TORONTO - Canadian economy grew slightly more than expected in November, bolstered by major industrial sectors, but the report from Statistics Canada left economists cautious about the strength of the recovery from a weak summer.

November's gross domestic product grew 0.3 per cent from October, above the consensus forecast of 0.2 per cent.
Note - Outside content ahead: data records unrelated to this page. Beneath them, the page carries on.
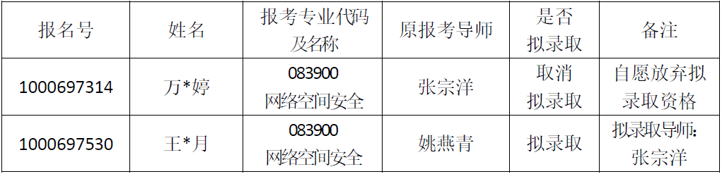 2.原报考张宗洋老师的学术博士研究生经考生本人申请和承诺,自愿放弃拟录取资格,对该指标现依照师生双向选择的原则进行递补拟录取,经学院招生小组审批后同意调整以下2022级博士考生复试结果: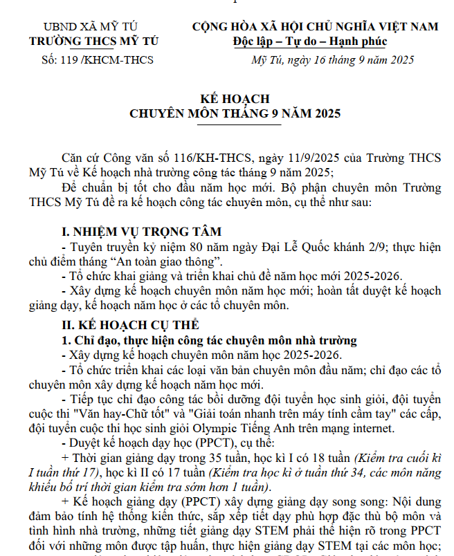 KẾ HOẠCH CHUYÊN MÔN THÁNG 09/2025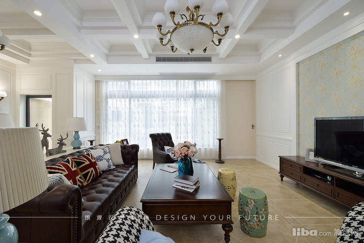 客厅区域以白色为主基调,美式风格的护墙板、壁炉、以及吊顶的九宫格的设计完美的呈现了美式风格的大气和别墅的大空间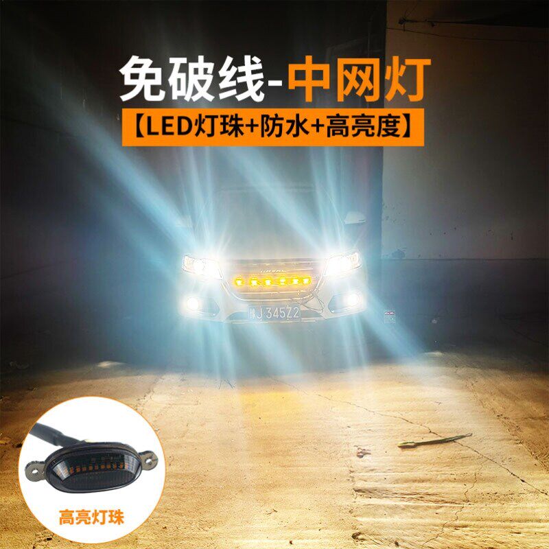 汽车LED中网小黄灯通用款 饰 轿车越野车皮卡中网前脸格栅灯SUV装

That followed October's month-over-month increase of just 0.1 per cent.

Statistics Canada said Thursday that sectors with big improvments in November included mining, quarrying and oil and gas extraction, up 0.8 per cent.

Meanwhile, the important manufacturing sector was up 0.7 per cent following a 0.9 per cent decrease in October.

Wholesale and retail trade, utilities and transportation and warehousing services also rose, while construction and the public sector were largely unchanged.

Accommodation and food services and the finance and insurance sectors shrank.

"A key question is whether we are seeing a turnaround in manufacturing that could sustain stronger growth or just a monthly blip that will leave our economy treading water," said economist Erin Weir, president of the Progressive Economics Forum.

Weir said in a note that annual economic growth remains at only 1.3 per cent, barely ahead of the one per cent growth in population.

Robert Kavcic, senior economist at BMO Capital Markets, said that despite the November numbers, growth in the fourth quarter will likely remain stuck at about one per cent.

Kavcic said that was consistent with an economy that is still growing "at a sluggish pace."

Emanuella Enenajor, an economist at CIBC World Markets, said the November GDP — although a "touch stronger" than the consensus estimate — was in line with CIBC's predictions.

"Overall, an upbeat report suggesting that economic activity picked up from its fall doldrums, although still lagging potential output growth," Enenajor said.

She said the November data suggest fourth-quarter growth could track around 1.4 per cent, which would be "supportive for the Canadian dollar (but) a negative for fixed income."